Она ушла, а я лег на кровать, которая истерически заскрипела, и уставился в обшитый досками потолок. В соседнем номере кто-то ходил, поскрипывали половицы, слышались возбужденные голоса.
– Ну, – сказал я через минуту. – Что ты на это скажешь, Борис?
– На что именно? – Борис сел на табурет, широко расставив ноги, отчего подол его балахона натянулся как парус. – На то, что твоя жена не помнит, что у вас был ребенок? Что тут можно сказать? Ты так хотел, так и получилось.
– Опять, – с неудовольствием выговорил я. – Куда ни плюнь. Да и не хотел я этого.
Последние слова я произнес неуверенно, почти шепотом. Но Борис, конечно, услышал. Он хмыкнул, скосил на меня глаза.
– А тебе не обязательно произнести: "Я так хочу!". Или заклинание какое-нибудь. Тебе достаточно подумать, даже подспудно, или, как сказал бы психолог, подсознательно. Но! – Он поднял палец. – Не все твои желания исполняются. Иначе в мире был бы такой хаос, что не приведи Господь.
– Ладно, – я сел, посмотрел в его отсутствующие глаза. – Ты вот что мне скажи. Как люди-то живут? В том смысле, что с ними будет, если они узнают, что я их выдумал?
– А ничего с ними не будет, – Борис беспечно пожал плечами. – Что будет с тобой, когда ты узнаешь, что ты и сам себя выдумал?
– Ну... – я был ошарашен. – Я с ума сойду... Как это можно – выдумать самого себя?
– На это только ты можешь ответить.
– Эх, Борис! Ну почему бы тебе не объяснить мне все от начала и до конца?
Борис иронично улыбнулся и проговорил, сюсюкая:
– Маленький мальчик хочет, чтобы ему разжевали кашку, положили в ротик и проглотили за него.
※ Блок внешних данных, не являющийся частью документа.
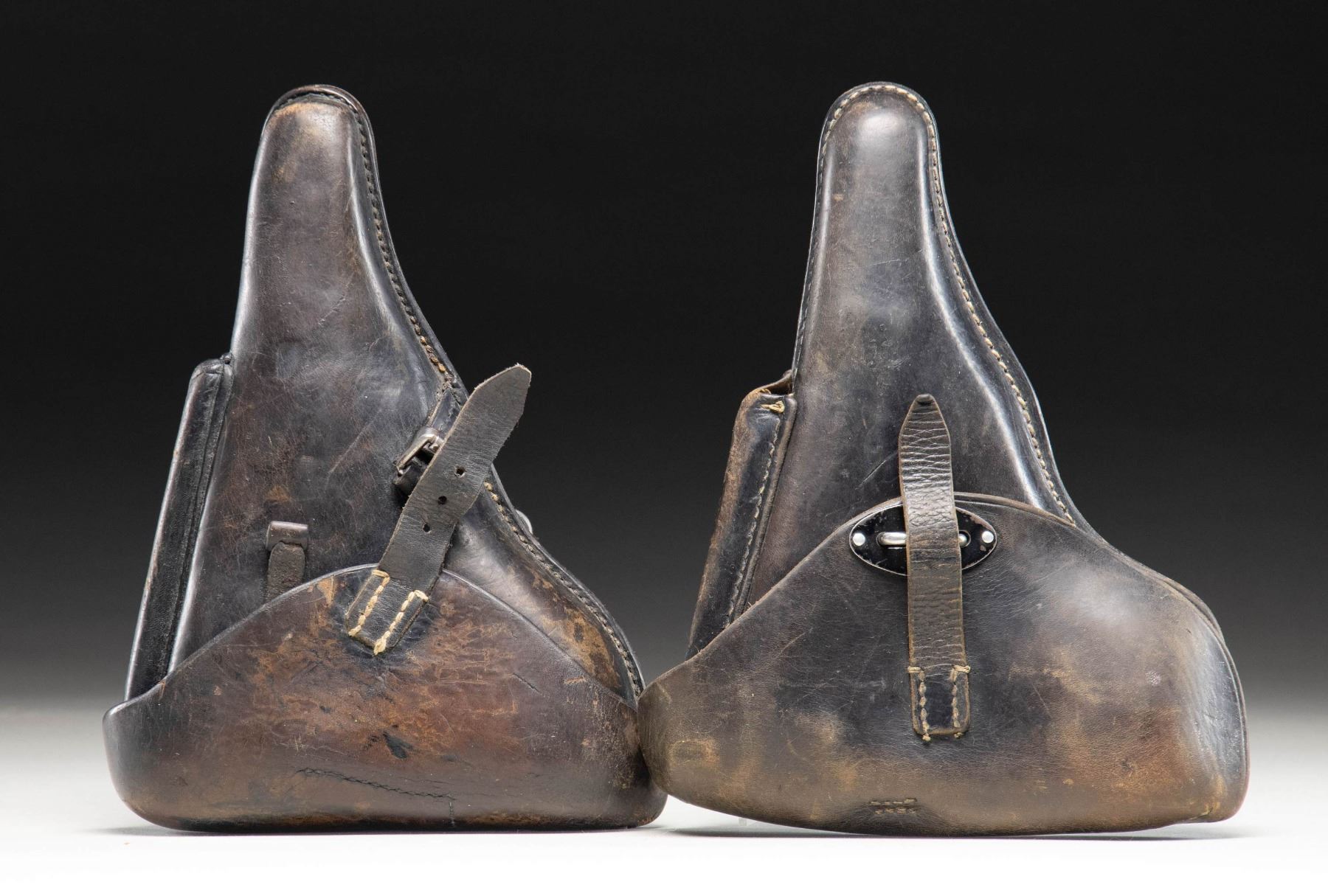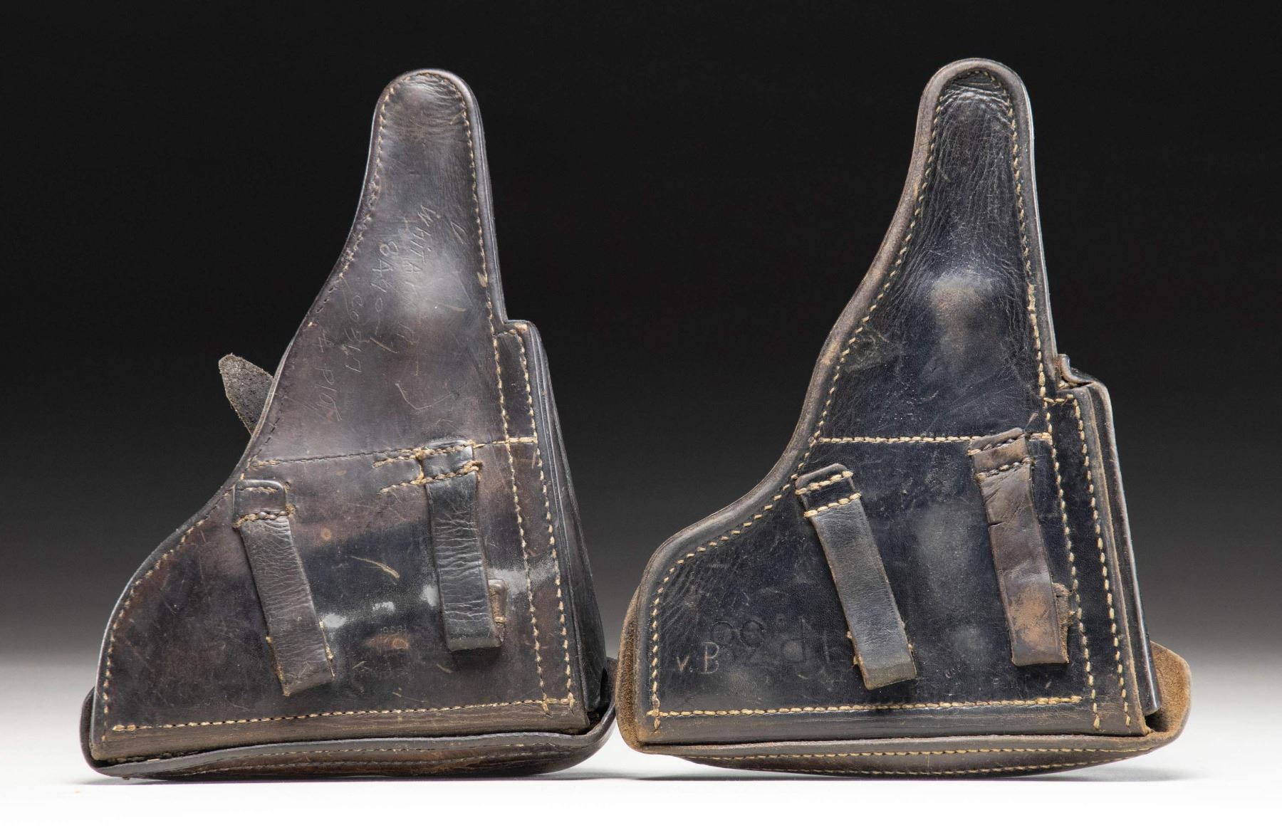 Lot consists of: 1) Brown leather P.08 Luger pistol holster mfg. by Hans Romer in 1936. Rear of holster is marked "HANS ROMER/ NEU-ULM/ 1936" between the belt loops, with a partially legible apparent U.S.G.I. "WHITA/ 8490/ CO.317/ 4. PLOT" marked towards the toe. Spare mag. and loading tool are absent. CONDITION: holster remains malleable, exhibiting general overall wear, with areas of age related cracking and crazing. Stitching remains tight and intact. 2) Brown leather P.38 pistol holster mfg. by Moritz Stecher Lederwerk in 1942. Rear of the holster is marked with Moritz' mfg. code "jwa", followed by an Eagle/WaA300 proof, the 2-digit year of mfg. "42", "P.38", and a small hand inscribed upside down "v.B". Spare mag. is absent. CONDITION: holster remains malleable, exhibiting general overall wear, with areas of light to mild age related cracking and crazing. Stitching on base of mag. pouch is absent. PROVENANCE: Estate Collection of John "Jack" Dhooghe. (02-25589/MLW). NON-GUN. $300-500.
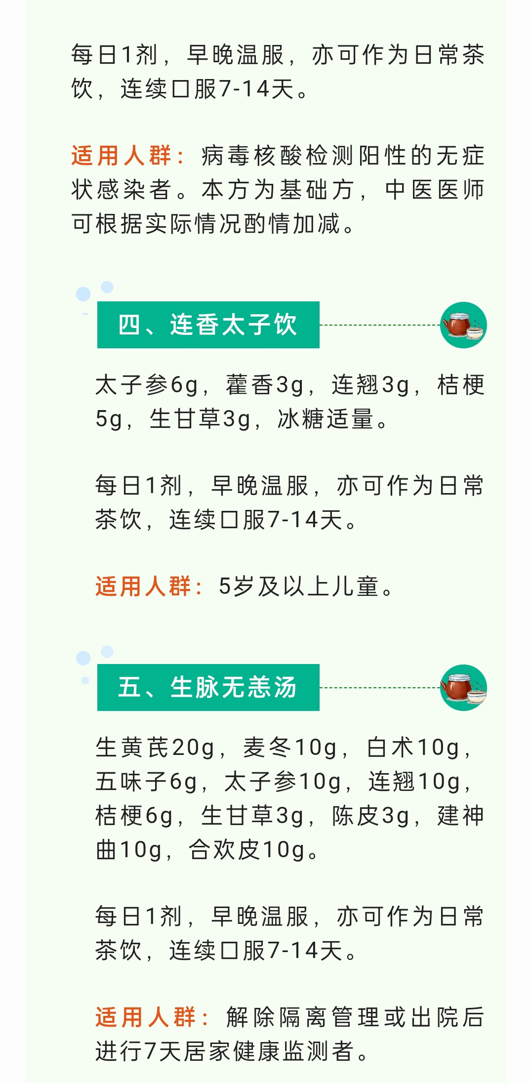 2、适应症:适用于轻型新冠肺炎、无症状感染者及密接、次密接、一线防疫和医务人员等重点人群。具有解表除湿、清热利咽作用,同时还有增强抵抗力和抗病毒的功效,可减少病毒对身体的侵袭,达到预防和治疗新冠肺炎的效果。
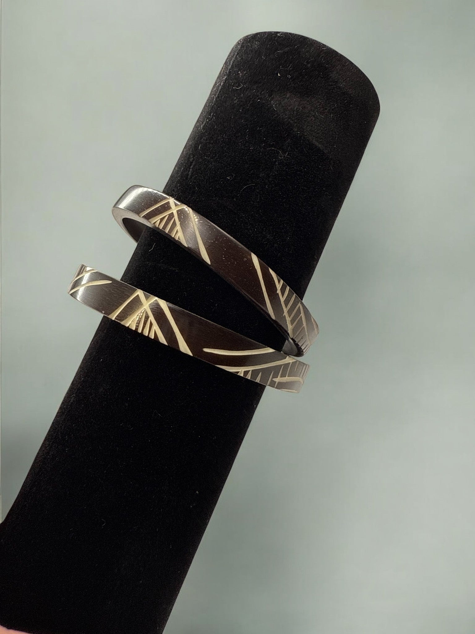 Bold and graphic, the Midnight Carved Bone Bangle Set features a pair of black bangles adorned with hand-etched ivory-tone tribal linework. The matte black finish contrasts beautifully with the carved geometric details, creating a striking, artisan look with global influence. Designed to be worn stacked or individually, these bangles add effortless edge and boho sophistication to any outfit. Lightweight yet statement-making, they are perfect for everyday wear or styling with layered jewelry. | Details: Set of two matching bangles; Black carved bone-style material; Hand-etched ivory-tone tribal pattern; Slip-on bangle design; Lightweight with smooth interior for comfort; Can be worn stacked or separately; Each piece may vary slightly due to handcrafted nature; Nickel & lead free

Все, на что он способен, это переварить.
Я вздохнул:
– Ну и зачем мне нужен такой... опекун?
– О, тебе стоит только захотеть, и я перестану приходить. Задумайся над вопросом – как я оказался здесь, в этой конуре? И еще – как я отсюда уйду?
– Тоже мне, загадка, – прошептал я, лег и закрыл глаза. – Каком, как же еще. Тут и думать не надо. Вот вопрос, который меня занимает – где Андрейка? А как ты приходишь и уходишь, это я уже понял.
Я помолчал немного, потом продолжил разговаривать сам с собой.
– Что же получается? Если Надя не была моей женой, то у нас и детей не было? Значит, и Андрейки нет? И я так захотел? Выходит, это Лада во мне что-то шевельнула? И что же получается, я люблю ее, что ли? Настолько, что решил – Нади как жены больше нет? А Андрейка-то, Андрейка? Он-то как? Вот черт!
Я вскочил и принялся ходить из угла в угол, почесывая подбородок. Побриться надо, вот что. Спросить горячей воды... Нет, придет Надя, а мне ее видеть совсем не хочется. Вот так-так! Давно ли мечтал о ней? Что ты за натура такая? Сегодня одно, и тут же – бах! – другое. Интересно, а чем мы за постой платить станем? Уж не Ладиными ли рублями, которых у нее не больше сотни? И жрать что-то надо.
Последняя мысль будит во мне зверский голод, я подскакиваю к котомке, развязываю и вытряхиваю на стол ее содержимое. Здесь почти полная буханка хлеба, четыре огурца, три помидора, горох в стручках и пять яиц, сваренных вкрутую. Я откладываю долю Лады и принимаюсь за еду, запивая водой из фляжки. Насытившись, укладываюсь на кровать. Нет, нужно раздеться, и завалиться в одном нижнем белье, на чистую простыню. Я так и делаю, натягиваю одеяло до подбородка. Сколько лет я не видел чистую постель? Страшно сказать! После катастрофы я ютился в старом бараке, в котором раньше была лесопилка. Спал на куче опилок, покрытых дырявой тряпкой. Кроме меня в бараке было еще около двадцати человек. Бррр! Страшно вспомнить! Все голодные, злые. Атмосфера взрывоопасная, достаточно малейшей искры, чтобы вспыхнула драка с поножовщиной... Интересно, почему там так, а здесь совсем по-другому? Что за отребье проживало на старой лесопилке? Хм, а ведь вполне приличные люди. Несколько аспирантов. Преподаватели из экономического института. Студенты. Служащие. Бывшие, конечно. А тут, видимо, мастеровой люд. Отстроились, живут себе, в ус не дуют.
Интересно, за что же я устроил в Сибирске такой ад? Да что там в Сибирске? На всей планете!
Нет, поверить в такое нельзя! Получается, что я страшнее самого жуткого диктатора? Ведь никакого Бориса нет, нет, это я сам убеждаю себя в том, что едва ли не всесилен, что именно я все устроил, убил миллионы людей. За что?
– За что? – переспрашивает мое второе "я" голосом Бориса. – За что гибнут люди? Под машинами на дорогах, на производстве, при стихийных бедствиях. Почему ты тогда не спрашиваешь – за что? Стечение обстоятельств, сдвиг земной коры, гигантская волна в океане, сбривающая все живое с поверхности островов. Ни за что.
– Потому что кому-то так захотелось? Да кто он такой, этот кто-то? Кто дал ему право хотеть?
– Никто не давал. Это ЕГО мир, и он волен распоряжаться им по своему разумению.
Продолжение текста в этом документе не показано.